_Work request_
Once you find the line with "The Shanghai-London gold" in the listing below, set down exactly every line from it through the line with "Next we come", but no pictures.

● ● ● ● ●

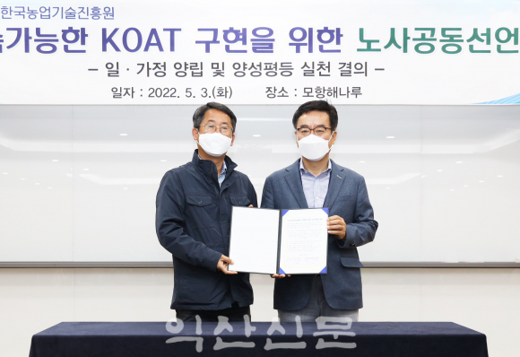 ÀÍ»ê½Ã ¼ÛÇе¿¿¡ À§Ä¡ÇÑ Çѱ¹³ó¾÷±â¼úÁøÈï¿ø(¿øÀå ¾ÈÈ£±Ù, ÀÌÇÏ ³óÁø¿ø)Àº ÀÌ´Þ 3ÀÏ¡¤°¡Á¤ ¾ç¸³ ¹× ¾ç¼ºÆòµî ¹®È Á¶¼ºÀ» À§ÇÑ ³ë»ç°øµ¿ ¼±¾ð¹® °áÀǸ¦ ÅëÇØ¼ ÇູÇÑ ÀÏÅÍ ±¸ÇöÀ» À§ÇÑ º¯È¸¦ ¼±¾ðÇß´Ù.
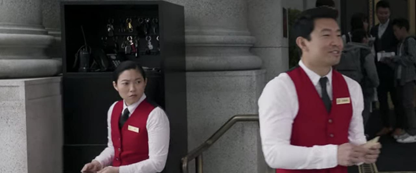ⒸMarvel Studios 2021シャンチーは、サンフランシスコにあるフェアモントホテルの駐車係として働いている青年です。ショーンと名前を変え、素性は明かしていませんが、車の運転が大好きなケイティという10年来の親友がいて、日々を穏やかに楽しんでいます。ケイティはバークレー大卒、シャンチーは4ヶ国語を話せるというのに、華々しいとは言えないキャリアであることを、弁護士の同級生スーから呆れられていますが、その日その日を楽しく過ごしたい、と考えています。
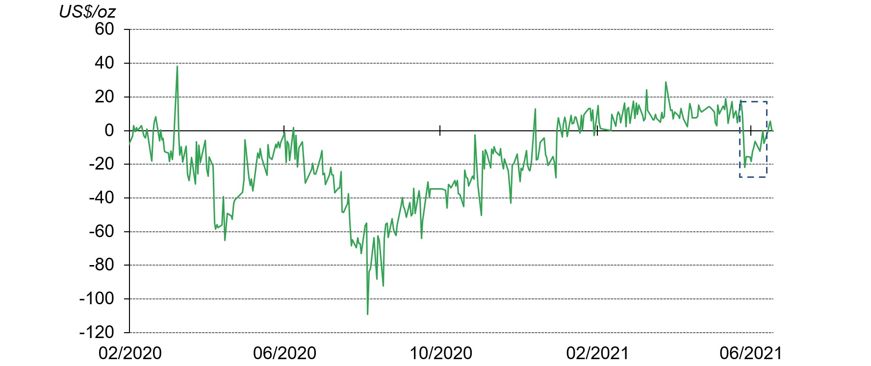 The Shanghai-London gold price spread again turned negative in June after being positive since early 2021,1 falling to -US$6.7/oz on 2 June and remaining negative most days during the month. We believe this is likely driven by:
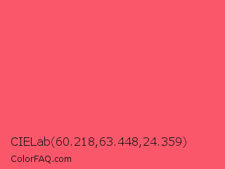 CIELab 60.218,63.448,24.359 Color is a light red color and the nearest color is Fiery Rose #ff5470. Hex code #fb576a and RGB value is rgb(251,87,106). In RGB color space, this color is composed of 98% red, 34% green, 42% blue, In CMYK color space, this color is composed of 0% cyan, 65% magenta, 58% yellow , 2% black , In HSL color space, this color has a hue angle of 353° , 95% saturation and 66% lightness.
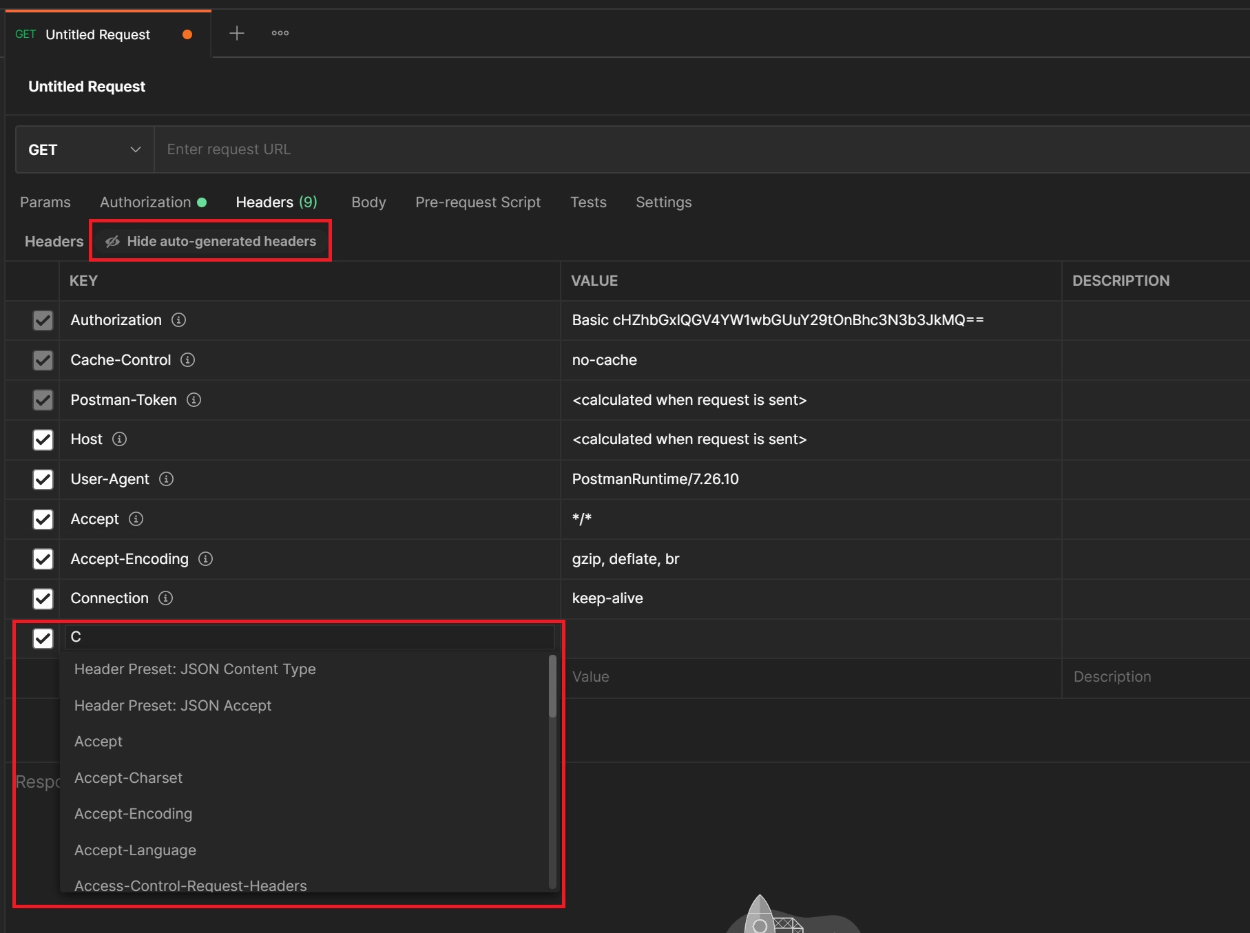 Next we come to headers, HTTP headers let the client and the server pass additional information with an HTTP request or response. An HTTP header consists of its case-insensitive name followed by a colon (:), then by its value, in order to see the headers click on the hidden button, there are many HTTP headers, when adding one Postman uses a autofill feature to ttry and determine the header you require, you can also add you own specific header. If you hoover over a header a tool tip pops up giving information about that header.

● ● ● ● ●

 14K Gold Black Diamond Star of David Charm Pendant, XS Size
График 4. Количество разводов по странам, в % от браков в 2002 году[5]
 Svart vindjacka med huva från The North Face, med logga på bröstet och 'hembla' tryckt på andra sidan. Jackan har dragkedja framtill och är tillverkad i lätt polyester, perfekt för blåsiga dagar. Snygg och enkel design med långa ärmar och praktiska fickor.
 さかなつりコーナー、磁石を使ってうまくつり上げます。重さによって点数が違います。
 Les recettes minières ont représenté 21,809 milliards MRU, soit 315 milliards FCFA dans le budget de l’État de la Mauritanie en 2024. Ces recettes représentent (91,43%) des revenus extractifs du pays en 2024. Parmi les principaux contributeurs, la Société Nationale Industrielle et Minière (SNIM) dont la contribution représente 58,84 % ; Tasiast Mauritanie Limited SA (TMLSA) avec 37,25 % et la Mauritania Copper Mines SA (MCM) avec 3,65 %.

● ● ● ● ●

_Response area_
 The Shanghai-London gold price spread again turned negative in June after being positive since early 2021,1 falling to -US$6.7/oz on 2 June and remaining negative most days during the month. We believe this is likely driven by:
 CIELab 60.218,63.448,24.359 Color is a light red color and the nearest color is Fiery Rose #ff5470. Hex code #fb576a and RGB value is rgb(251,87,106). In RGB color space, this color is composed of 98% red, 34% green, 42% blue, In CMYK color space, this color is composed of 0% cyan, 65% magenta, 58% yellow , 2% black , In HSL color space, this color has a hue angle of 353° , 95% saturation and 66% lightness.
 Next we come to headers, HTTP headers let the client and the server pass additional information with an HTTP request or response. An HTTP header consists of its case-insensitive name followed by a colon (:), then by its value, in order to see the headers click on the hidden button, there are many HTTP headers, when adding one Postman uses a autofill feature to ttry and determine the header you require, you can also add you own specific header. If you hoover over a header a tool tip pops up giving information about that header.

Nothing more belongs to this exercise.